110$ is not really expensive, as long as it's not a Corsair 

tho i agree with you about the pump power, also the reason why i have a separated GPU loop and a Phobya DC12-220 for it.


----------



## crazyeyesreaper (Sep 25, 2015)

GreiverBlade said:


> well yes ... that's why i opted for a NexXxos ST30 full copper
> 
> 
> the modification i did on my Triton beg to differ, tho i didn't need to change the fittings on the block since they use the same 13/10mm i use for all the tubing
> ...



Yup in the end different strokes different folks.

Swiftech might be a bit cheaper for the pump design and location makes it very thick and no option proper push pull config also to change fittings tubing requires a separate kit for the pump. It just goes to show that when you buy something cheaper and start modifying it you can easily end up spending the same as a better overall kit to begin with. 

But it is what it is. the kits pretty damn solid and I have a feeling it would perform even better if not held back by the crappy TIM under the 4770k IHS.


----------



## newtekie1 (Sep 25, 2015)

GreiverBlade said:


> i still prefer the Triton or any of the Swiftech over that one



I really don't like the way the Swiftech ones look. And I won't touch a Triton with a 10ft pole, not after the problems with the plexi on the blocks cracking and leaking and the major pain some users had to go through to just get a warranty replacment on the cooler(Raijintek outright refused to pay for any of the damaged parts).

I like the EKWB because it is literally everything you'd find in a custom loop, no hassles with expanding like Swiftech and no stupidly placed res covering a quarter of the radiator blocking fan placement and even worse airflow.


----------



## GreiverBlade (Sep 25, 2015)

newtekie1 said:


> And I won't touch a Triton with a 10ft pole, not after the problems with the plexi on the blocks cracking and leaking and the major pain some users had to go through to just get a warranty replacment on the cooler(Raijintek outright refused to pay for any of the damaged parts)..

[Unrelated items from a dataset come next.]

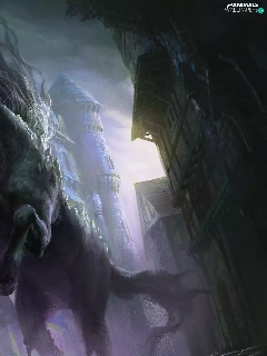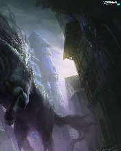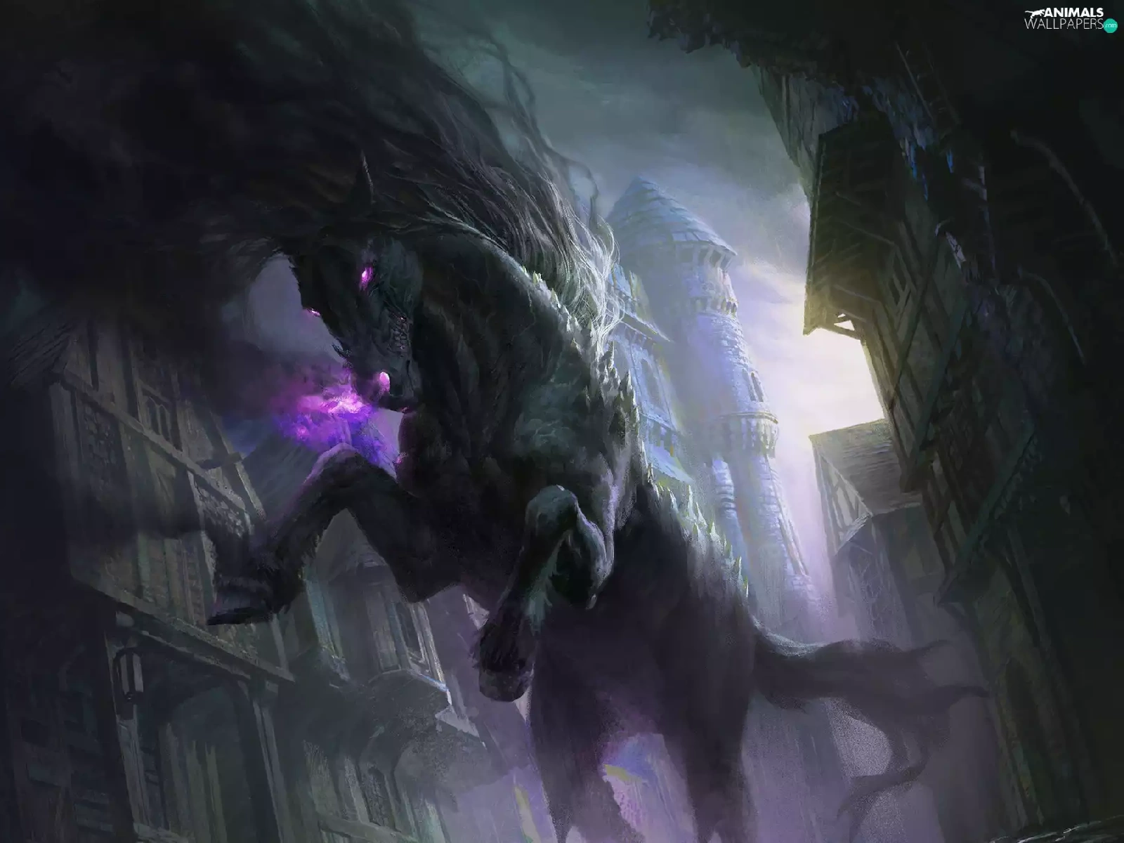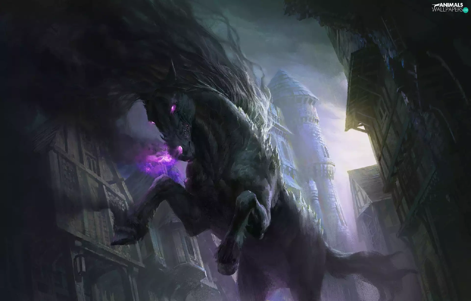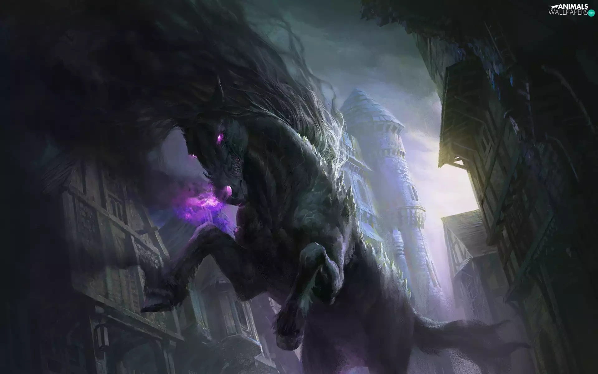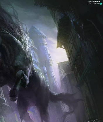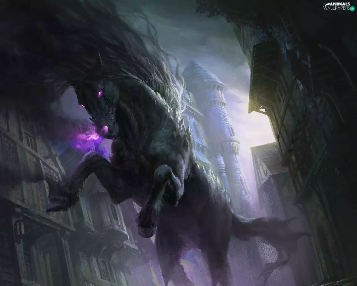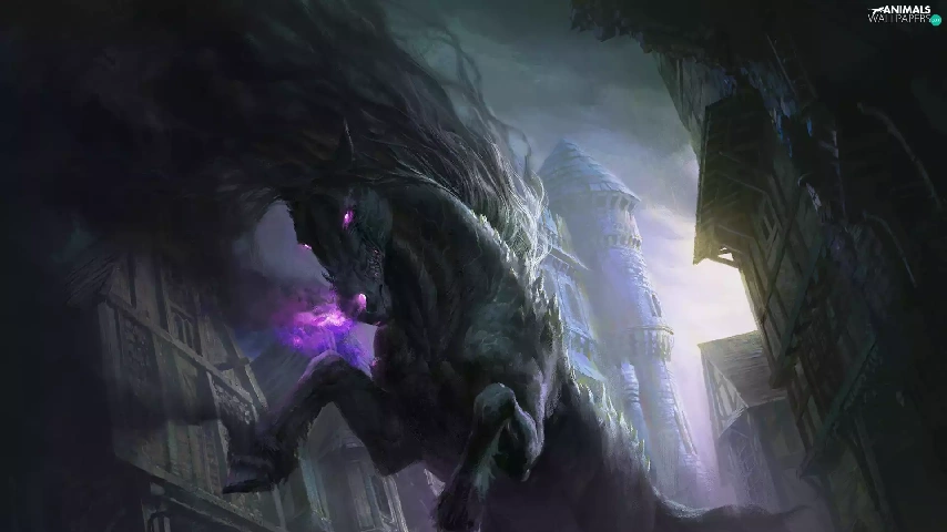 Eyes, buildings, Horse, glowing, fantasy
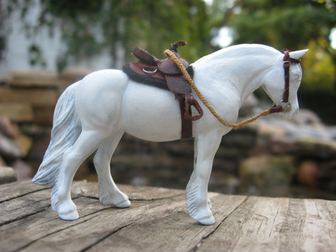 Izadora (mule) and Looks Like A Lady D (the palomino mare) is waiting for their rider to come back. Might have scouted another bear or something...Both Izadora and "Lady" is painted by Camilla Johansson. The western saddle is by Anna-Karin Larsson and the fab packingset is by Lydia Auten-Ernszt.
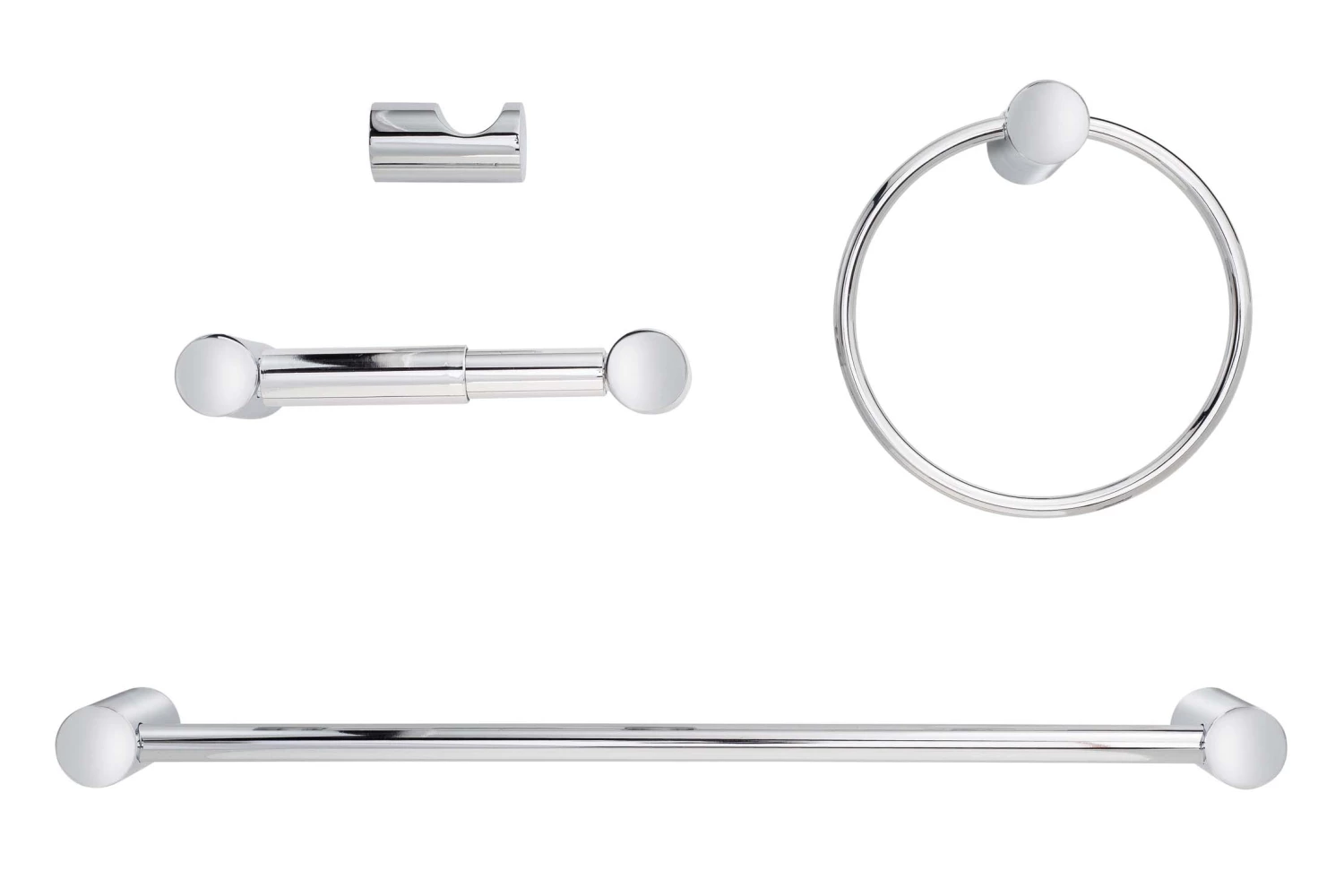 Set Consists Of Four Items That Are Purchased Individually; Set Contains: Robe Hook / Towel Hook, Toilet Paper Holder, 24 Inch Towel Bar, Towel Ring; Fabricated With Die Cast Zinc With Brass Or Stainless Steel Bars And Rings; Chrome Finish.

they corrected that issue with the new revision (that and the longer pump cable) i use mine since quite a while and upgraded it yesterday: no issue so far
and that being said... they are, in most case, right to refuse to pay for damaged part as around 75-80% issue related to that were user induced (over-tightening something is not a material issue ... everything has a tolerance that you have to take in account.)

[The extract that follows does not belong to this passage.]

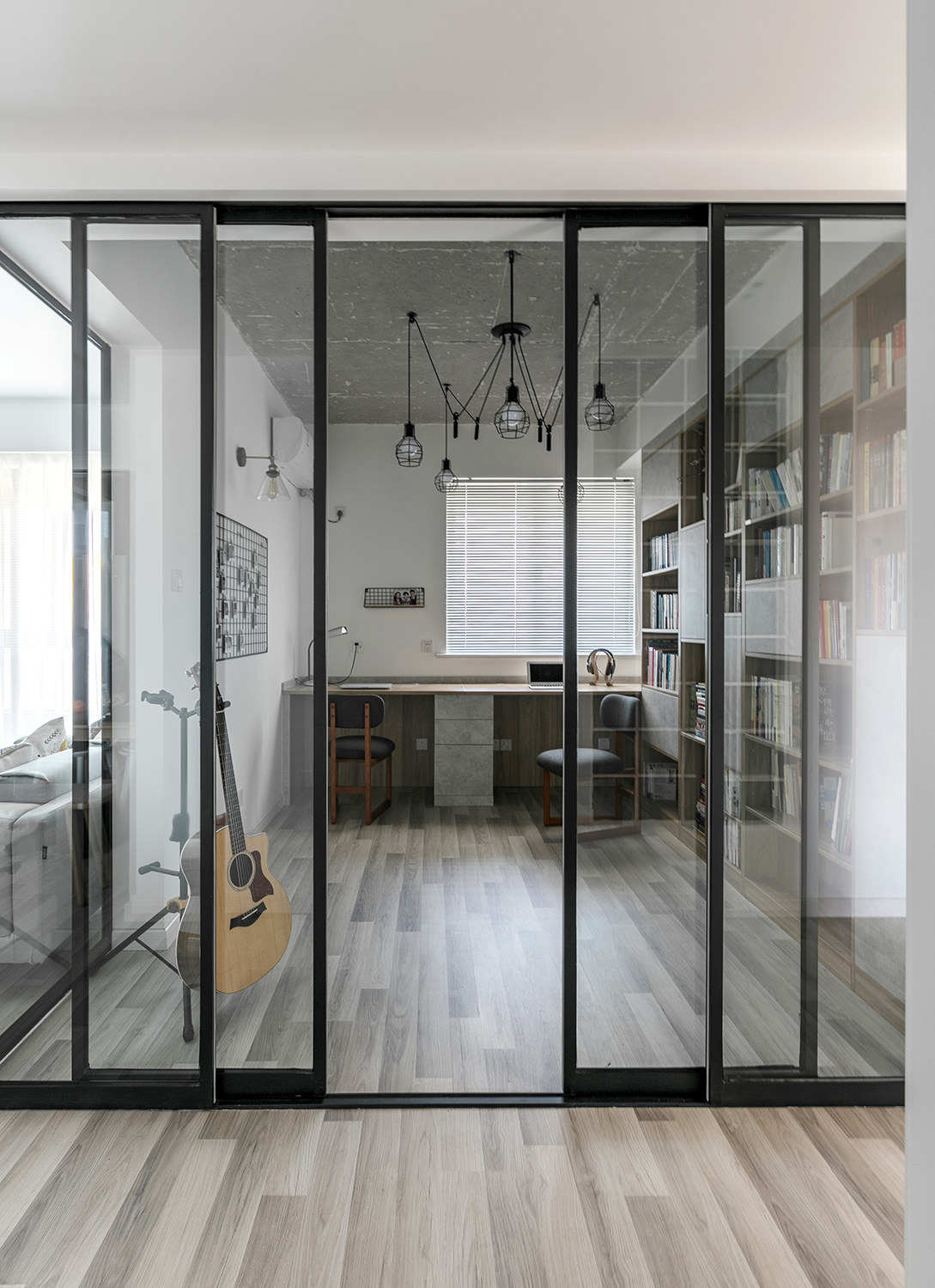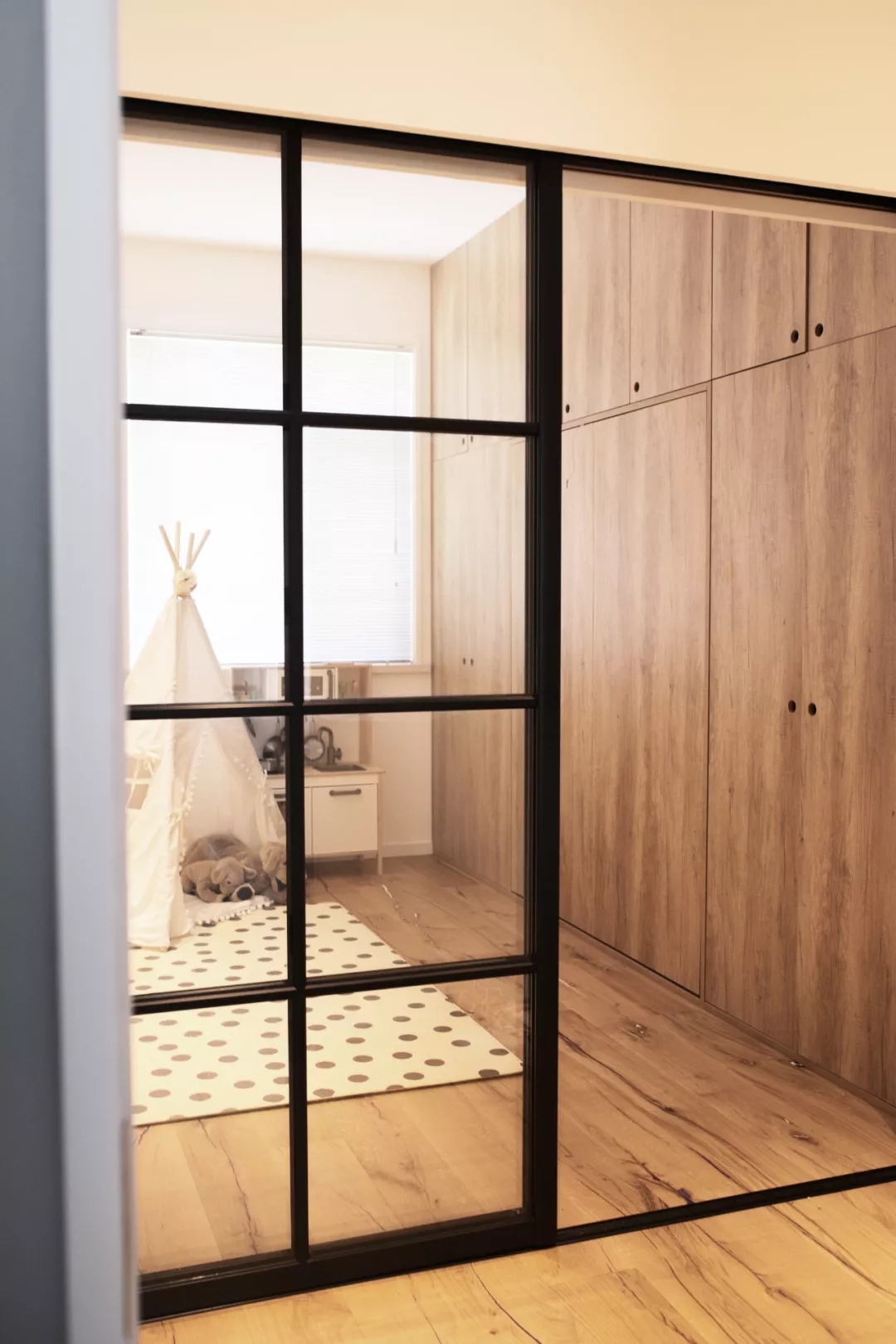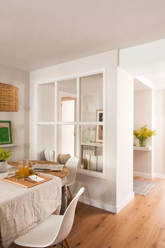 一扇门高容貌的室内外窗,既搞定了光线昏暗间题,又为家里增色许多 。

me it's Corsair that i wouldn't touch with a 10ft pole ... not after the issue *I* experienced 

tho i admit ... that EKWB is better than the Swiftech in the end


----------



## newtekie1 (Sep 25, 2015)

GreiverBlade said:


> they corrected that issue with the new revision (that and the longer pump cable) i use mine since quite a while and upgraded it yesterday: no issue so far
> and that being said... they are, in most case, right to refuse to pay for damaged part as around 75-80% issue related to that were user induced (over-tightening something is not a material issue ... everything has a tolerance that you have to take in account.)



So they fixed the problem with a revision, so clearly the original revision was in fact flawed.  But it was user error that caused it, by overtightening something, on a pre-build system that involved no tightening anywhere near where the cracks happen, so they were right to refuse to pay for damaged hardware. Damage clearly caused by a flaw in the original design...

Yeah, no, that company is shady as shit and I'll never touch one of their products again.


----------



## Chaitanya (Sep 25, 2015)

Thanks for the quick review, there is another big Con for this unit. *Some X99 motherboards aren't compatible with this unit the use has shell out extra for the optional installation screws on those motherboards. *Also that installation procedure on the LGA115x is stupid as hell, I would much prefer the Swiftech H240x/220x over this unit just for the ease of installation, proper compatibility will all the motherboards and lower price.


----------



## crazyeyesreaper (Sep 25, 2015)

Its only incompatible with X99 boards that utlilize the Narrow ILM socket. Its not really a con when a great deal of coolers do not support said socket. Narrow ILM is mostly utilized on dense server boards. At least EK has hardware to support it many vendors do not.


----------



## Nokiron (Sep 25, 2015)

Chaitanya said:


> Thanks for the quick review, there is another big Con for this unit. *Some X99 motherboards aren't compatible with this unit the use has shell out extra for the optional installation screws on those motherboards. *Also that installation procedure on the LGA115x is stupid as hell, I would much prefer the Swiftech H240x/220x over this unit just for the ease of installation, proper compatibility will all the motherboards and lower price.


It's not really a concern. No one expects a 2011 Narrow-ILM kit with their cooler.


----------



## xulos (Sep 25, 2015)

Its not about narrow-ILM. its about holes through the MBO. Asrock and GB doesnt have drilled holes in retention kit, so the screws from ek block doesnt fit.









 watch from 8:22


----------



## GreiverBlade (Sep 25, 2015)

newtekie1 said:


> So they fixed the problem with a revision, so clearly the original revision was in fact flawed.  But it was user error that caused it, by overtightening something, on a pre-build system that involved no tightening anywhere near where the cracks happen, so they were right to refuse to pay for damaged hardware. Damage clearly caused by a flaw in the original design...


let me rephrase then.

they corrected the issue about the plexi.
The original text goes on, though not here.